Among these records, tally each line with the word "Danny"; the answer is that number alone.

Stored data entries:
Content starts

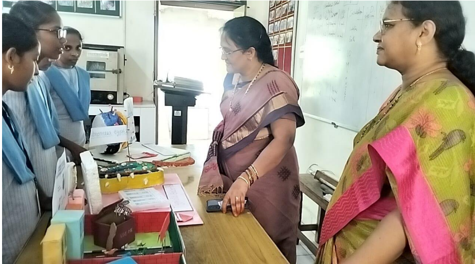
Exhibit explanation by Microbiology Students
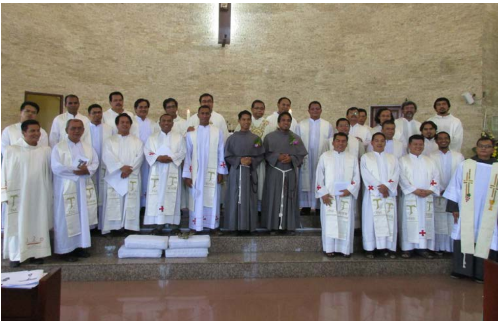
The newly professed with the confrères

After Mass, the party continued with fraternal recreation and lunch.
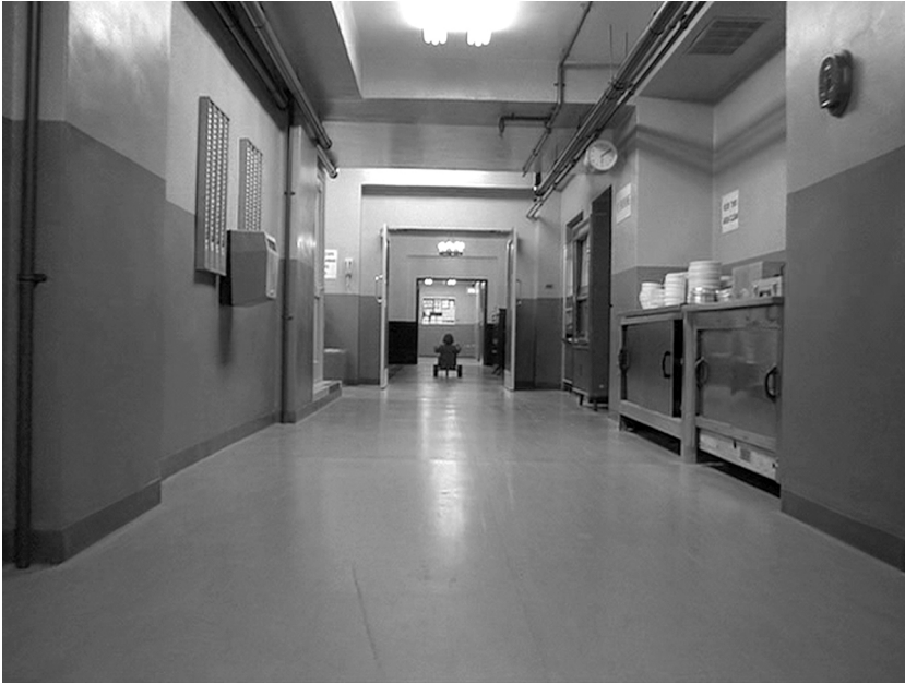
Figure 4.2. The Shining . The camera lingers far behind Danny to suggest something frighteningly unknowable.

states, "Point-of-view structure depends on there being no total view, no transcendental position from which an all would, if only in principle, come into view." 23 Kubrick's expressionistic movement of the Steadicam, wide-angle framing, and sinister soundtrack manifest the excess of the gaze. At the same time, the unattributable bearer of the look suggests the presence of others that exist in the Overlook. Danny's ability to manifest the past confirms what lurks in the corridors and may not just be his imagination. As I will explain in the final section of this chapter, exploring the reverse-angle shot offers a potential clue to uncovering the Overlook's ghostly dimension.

Content ends

**WRITTEN ANSWER:**
2